Riot Platforms (RIOT) shares rose 5% pre-market after the bitcoin mining company unexpectedly posted a third-quarter profit on record revenue.
Net income was $104.5 million, or 26 cents per diluted share, compared with a loss of $154.4 million, or 54 cents, the year before. The company had been expected to post a 12 cent-a-share loss, according to Zacks Equity Research.
Revenue more than doubled to $180.2 million from the year-earlier quarter, driven mainly by a $93 million increase in bitcoin mining revenue, the company said. Riot mined 1,406 bitcoin during the quarter at an average cost of $46,324 per coin.
The revenue gain at Riot, one of the first mining companies to report, was fueled mainly by a bitcoin price that rose 6.4% in the quarter and greater operational capacity. The company recorded a $133 million mark-to-market gain on its bitcoin holdings, currently 19,287 BTC valued at roughly $2.2 billion as of Sept. 30.
The Castle Rock, Colorado company, which develops and operates large-scale data centers, also announced the initiation of 112 megawatts of core and shell development at its Corsicana, Texas data center campus, following land acquisition and design completion milestones.

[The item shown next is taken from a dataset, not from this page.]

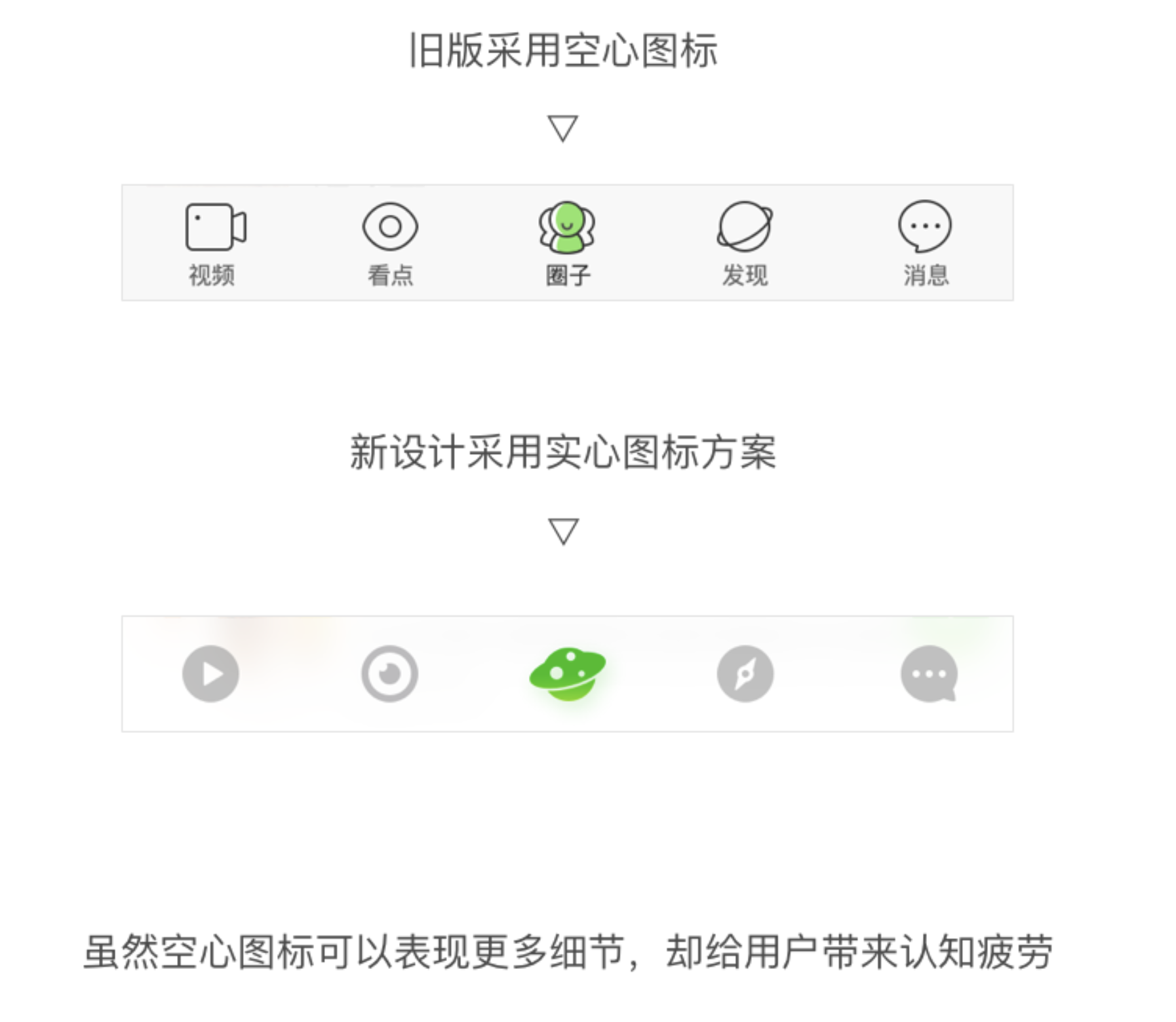 - 圖標(biāo)選擇:采用實(shí)心圖標(biāo),依據(jù)國(guó)外設(shè)計(jì)師 Aubrey Johnson 的 25000 個(gè)圖標(biāo)識(shí)別實(shí)驗(yàn),實(shí)心圖標(biāo)更符合大眾審美且識(shí)別速度更快,如手機(jī) QQ 和 Apple Music 也改用實(shí)心圖標(biāo)。

CEO Jason Les said these developments mark a pivotal step toward transforming Riot into a large-scale, multifaceted data center operator leveraging its land and power assets.
Riot held 19,287 bitcoin — 3,300 are held as collateral — valued at roughly $2.2 billion as of Sept. 30.
UPDATE (Oct. 31, 09:50 UTC): Adds revenue drivers, mark-to-market in fourth paragraph.